While the relationship between serum 25(OH)D levels and cancer opens a broad area for analysis, ample research has been conducted analyzing vitamin D and risk of cancer development in prostate, breast, and colorectal cancers [3, 6–10]. Vitamin D supplements have been shown to reduce the risk of cancer development by 77 % when compared to and verified with placebos, and a 2006 study observed a 29 % reduction in cancer death rate for every 10 ng/mL increase in vitamin D [11]. Similarly, ambient exposure to ultraviolet light, especially ultraviolet B-rays (UVB), has been shown to reduce the risk of pancreatic cancer development [12–14]. Despite the evidence supporting decreased risk of pancreatic cancer in individuals with higher serum 25(OH)D, the relationship between serum 25(OH)D and its effect on pancreatic cancer progression has not been extensively studied. Pancreatic cancer is the fourth leading cause of cancer related death in the United States with a 6 % 5-year survival rate, and 75 % mortality rate within the first year of diagnosis [7, 15, 16]. Contradictory results describing the relationship between vitamin D and pancreatic cancer make it difficult for researchers to draw consistent conclusions [17, 18]. While multiple studies suggest adequate 25(OH)D levels may decrease incidence of pancreatic cancer, Stolzenberg et al. conducted a pooled, nested, case–control study of eight cohorts, finding that higher levels of vitamin D (40 ng/mL) were associated with a two-fold increase in risk of pancreatic cancer development (OR?=?2.12, 95 % CI: 1.23, 3.64) [17]. Such results suggest vitamin D supplementation in cancer patients should be monitored carefully.

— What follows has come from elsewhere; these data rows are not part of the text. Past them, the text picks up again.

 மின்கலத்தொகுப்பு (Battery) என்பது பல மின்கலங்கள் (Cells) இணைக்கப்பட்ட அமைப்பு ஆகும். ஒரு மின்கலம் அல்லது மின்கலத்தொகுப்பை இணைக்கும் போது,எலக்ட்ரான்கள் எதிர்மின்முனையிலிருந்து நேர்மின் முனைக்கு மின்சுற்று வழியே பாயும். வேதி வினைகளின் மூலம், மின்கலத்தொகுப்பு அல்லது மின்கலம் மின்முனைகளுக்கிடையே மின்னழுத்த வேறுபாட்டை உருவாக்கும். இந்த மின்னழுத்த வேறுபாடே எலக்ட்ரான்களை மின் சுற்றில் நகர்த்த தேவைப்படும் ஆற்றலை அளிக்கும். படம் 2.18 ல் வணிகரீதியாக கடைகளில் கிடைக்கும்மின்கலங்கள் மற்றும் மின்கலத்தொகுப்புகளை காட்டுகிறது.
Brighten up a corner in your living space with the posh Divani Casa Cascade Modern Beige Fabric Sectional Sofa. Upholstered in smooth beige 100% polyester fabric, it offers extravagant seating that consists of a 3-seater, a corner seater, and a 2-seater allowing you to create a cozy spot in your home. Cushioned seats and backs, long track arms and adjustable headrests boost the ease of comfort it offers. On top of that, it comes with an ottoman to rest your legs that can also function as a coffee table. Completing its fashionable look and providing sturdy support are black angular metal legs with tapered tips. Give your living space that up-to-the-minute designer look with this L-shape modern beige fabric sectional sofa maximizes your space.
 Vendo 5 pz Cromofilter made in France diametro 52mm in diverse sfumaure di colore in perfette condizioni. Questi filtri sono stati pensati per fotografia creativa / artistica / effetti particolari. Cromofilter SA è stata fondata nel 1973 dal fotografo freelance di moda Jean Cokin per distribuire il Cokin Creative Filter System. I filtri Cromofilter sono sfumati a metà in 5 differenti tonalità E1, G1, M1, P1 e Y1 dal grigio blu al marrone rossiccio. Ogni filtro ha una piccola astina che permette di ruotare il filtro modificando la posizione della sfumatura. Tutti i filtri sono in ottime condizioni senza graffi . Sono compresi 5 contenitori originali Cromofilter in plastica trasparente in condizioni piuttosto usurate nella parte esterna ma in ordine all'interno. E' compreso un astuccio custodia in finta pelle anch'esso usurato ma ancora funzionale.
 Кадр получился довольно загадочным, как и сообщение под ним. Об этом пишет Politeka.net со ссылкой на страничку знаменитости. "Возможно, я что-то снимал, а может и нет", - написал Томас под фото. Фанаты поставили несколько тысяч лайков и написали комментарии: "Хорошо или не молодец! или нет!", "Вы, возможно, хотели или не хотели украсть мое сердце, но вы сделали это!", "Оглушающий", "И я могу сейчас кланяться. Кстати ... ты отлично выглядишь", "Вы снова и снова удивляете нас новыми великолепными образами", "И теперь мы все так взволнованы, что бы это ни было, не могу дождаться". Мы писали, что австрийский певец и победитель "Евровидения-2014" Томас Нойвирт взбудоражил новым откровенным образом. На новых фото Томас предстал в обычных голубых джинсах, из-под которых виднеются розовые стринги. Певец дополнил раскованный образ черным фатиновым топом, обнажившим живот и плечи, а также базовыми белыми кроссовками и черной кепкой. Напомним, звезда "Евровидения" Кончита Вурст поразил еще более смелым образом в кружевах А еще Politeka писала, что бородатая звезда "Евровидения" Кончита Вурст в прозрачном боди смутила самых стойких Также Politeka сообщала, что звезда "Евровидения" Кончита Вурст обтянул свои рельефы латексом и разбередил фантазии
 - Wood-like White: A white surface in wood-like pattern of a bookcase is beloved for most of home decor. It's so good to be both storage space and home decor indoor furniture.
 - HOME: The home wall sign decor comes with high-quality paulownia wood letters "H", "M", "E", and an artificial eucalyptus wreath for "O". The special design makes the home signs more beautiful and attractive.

Despite this data, in vitro and in vivo studies of pancreatic cancer cell lines found that 25(OH)D inhibited cell line growth, while analogs of 25(OH)D inhibited pancreatic cell proliferation, induced differentiation, promoted apoptosis in vitro, and inhibited pancreatic tumor growth in vivo [18–20]. A study published in May 2015 found that activation of vitamin D/VDR signaling led to inhibition of FOXM1, a direct transcriptional target of VDR, causing a suppression of tumor stemness, growth, and metastasis [15]. These results imply vitamin D possesses anti-tumorigenic properties that may be useful in preventing development or progression of cancer.

Although in vitro studies have identified vitamin D and its receptor as potential targets for inhibiting pancreatic cancer development or progression, genetic studies to date have not identified an association between the 25(OH)D, the VDR, and pancreatic cancer [21, 22]. In an analysis of 11 genes (213 single nucleotide polymorphisms) related to vitamin D synthesis, metabolism, and signaling, no individual genes were significantly associated with pancreatic cancer [22].

The first study (CALGB 151006) to examine the relationship between serum 25(OH)D in patients with pancreatic cancer and time to progression (TTP) and overall survival (OS) was a correlative study conducted in May 2014 [23]. These results did not support a statistically significant relationship between 25(OH)D levels and TTP or OS [23]. This current retrospective study aims to contribute to the literature exploring the relationship between vitamin D and TTP and OS in pancreatic cancer patients. It is hypothesized that lower baseline serum concentrations (BSC) of 25(OH)D will be associated with decreased TTP and OS.